When you graduate from seminary, you may have grand ideas of the kind of church you'd like to lead. You imagine the good you can do in your community through outreach projects and enjoy the thought of helping foster congregants' spiritual growth. A seminary degree doesn't automatically mean that you must be a pastor, though. There are many ways to use the knowledge and skills you learn during seminary to build the satisfying career that fits you best.
Some jobs require the same type of skills learned in seminary but don't involve preaching every week. Some of these ministry leadership positions may be official positions within the church or serve as a bridge to a local congregation, and sometimes they're completely autonomous.
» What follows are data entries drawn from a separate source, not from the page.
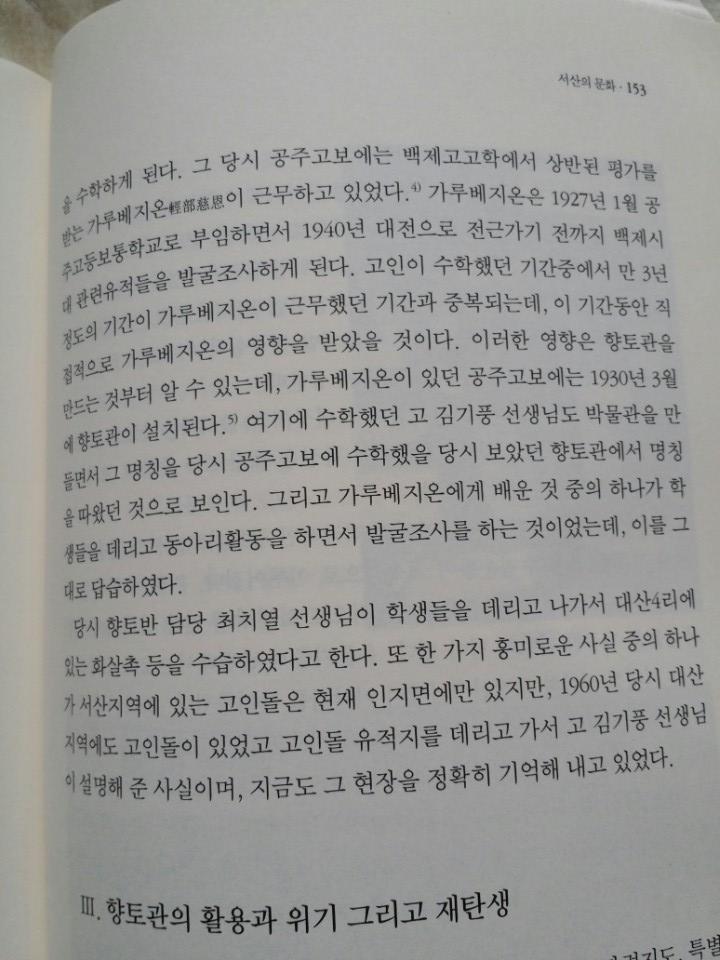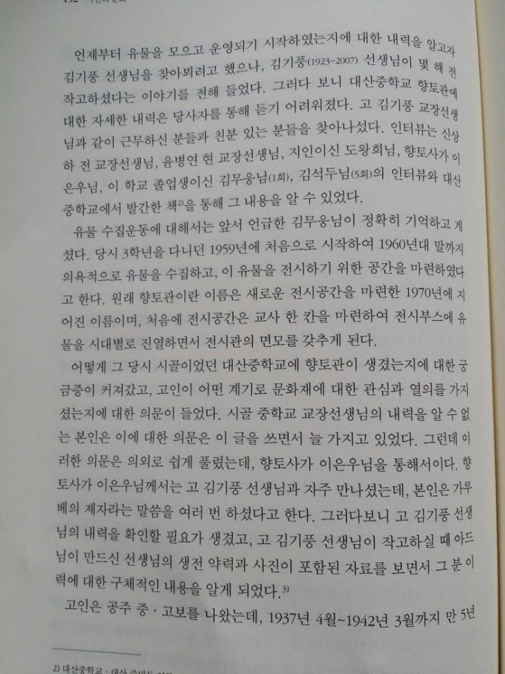 이야기인즉슨, 가루베 얘기를 많이하시던데, 공주고보 그의 제자 분 중에 서산 대산중학교 초대 교장을 지낸 김기풍(1923~2007)이라는 이가 계시는데, 그 분이 향토문화재를 수집하고 이를 토대로 대산중학교에다가 향토관을 만든 분이라면서, 그 분이 일찍이 이런 생각을 한 데는 아마도 가루베 영향이 아닐까 한다는 것이었다.
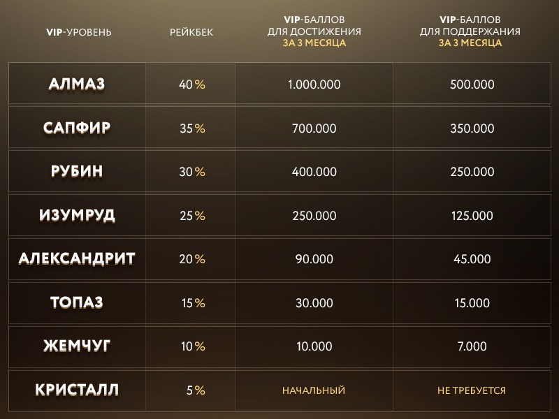 Конкретный пример. Клиент достиг ступени изумруд, чтобы ее сохранить, требуется наиграть не менее 125 000 поинтов в течение трех месяцев. В противном случае он окажется на уровне Александрит.
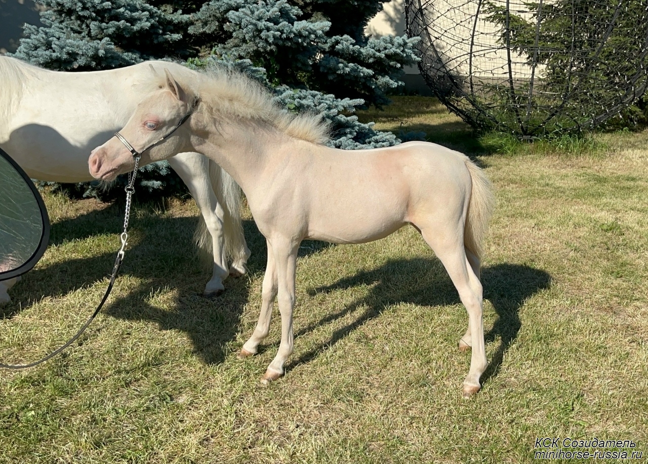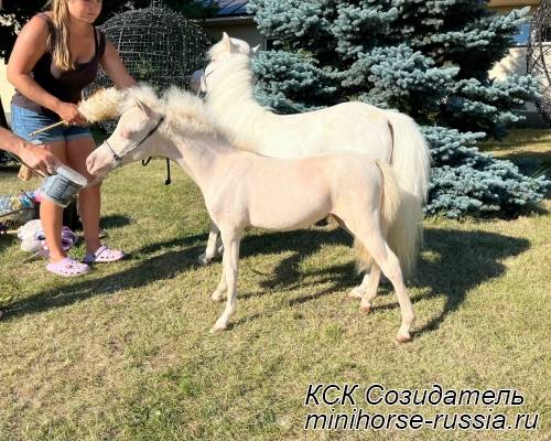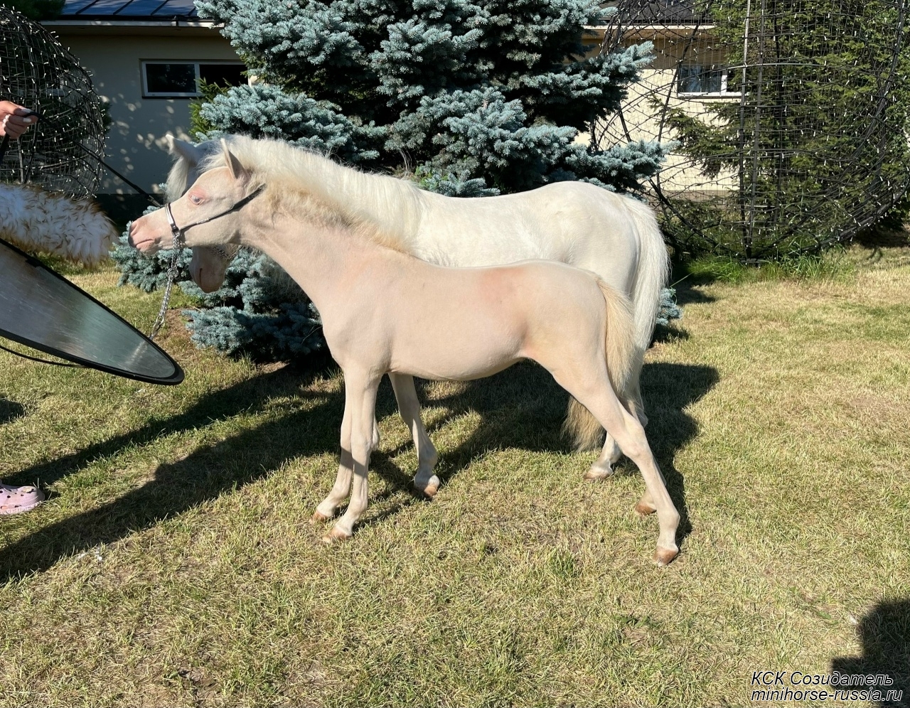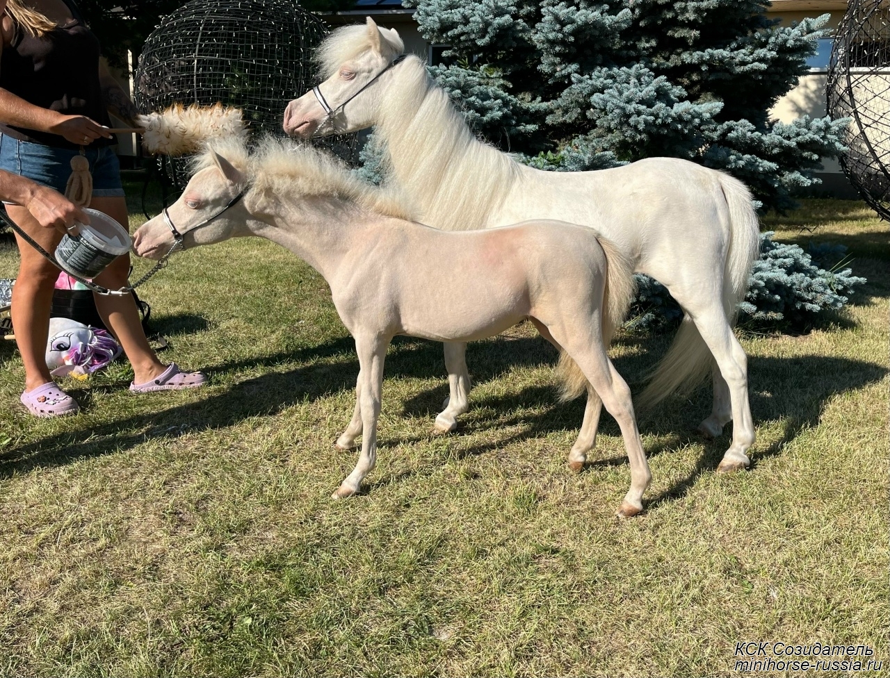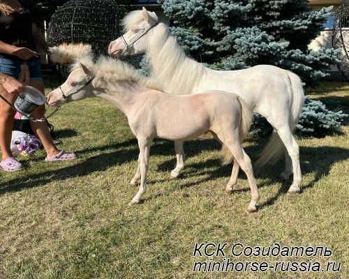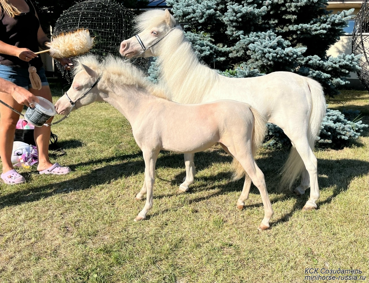 Отец - АЙС — COVERGIRLS IDOLS ICE KING - Чемпион АМНА, топовый жеребец-производитель, импорт из США, с известнейшей родословной - он является сыном двух лошадей мирового уровня – многократного Чемпиона Мира, двукратного Резервного Чемпиона Мира, а так же многократного Суприм Чемпиона АМНА и Национального Гранд Чемпиона Америки – легендарного жеребца-производителя First Knights Billy Idol и Резервного Чемпиона Мира - кобылы Buck Ons Suprema Donna, являющихся так же производителями Чемпионов Мира, Национальных Чемпионов и Гранд Чемпионов АМНА.
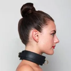 De très bonne qualité, ce collier en cuir de la collection Dèmonia, comprend un anneau en métal doré avec sur lanière ainsi qu’une doublure en cuir pour plus de confort et de praticité durant tous vos jeux SM.
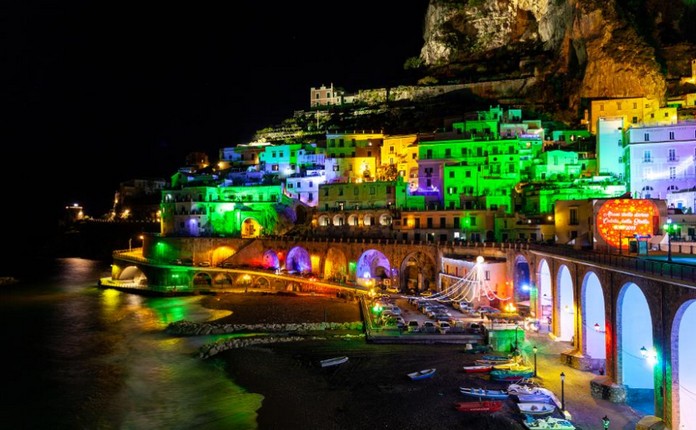 It may sound unlikely to visit the Amalfi Coast during the winter holidays but Atrani’s “Stelle Divine” events are sure to stave off the cold weather blues and delight locals and visitors alike.Each year, the historic fishing town is illuminated in bright colors, creating a magical atmosphere along the coast. A carpet of red lights lines the Duomo while town’s arcades and streets are turned blue, green, pink and purple during the holidays
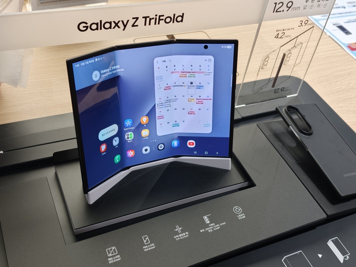 三星 Galaxy Z TriFold 配备了一块分辨率 2160 x 1584 的 10 英寸 Dynamic AMOLED 2X 显示屏,支持 120Hz 自适应刷新率,从而保证了作为显示器使用时的画面流畅度。

If being a preacher doesn't seem to be a great fit for you, you may find you're more productive in a para-church ministry position:
- Youth pastor
- Music director
- Senior citizen minister
- College ministry leader
- Wedding officiant
Even secular organizations often have a minister on staff who can counsel and offer support for those who work there. Hospitals, sports franchises, police departments and every branch of the military typically have someone on staff who can assist with spiritual guidance for staff, their families and sometimes even visitors. If you are a great listener and your favorite part of the ministry is comforting others, chaplaincy may be the right job for you.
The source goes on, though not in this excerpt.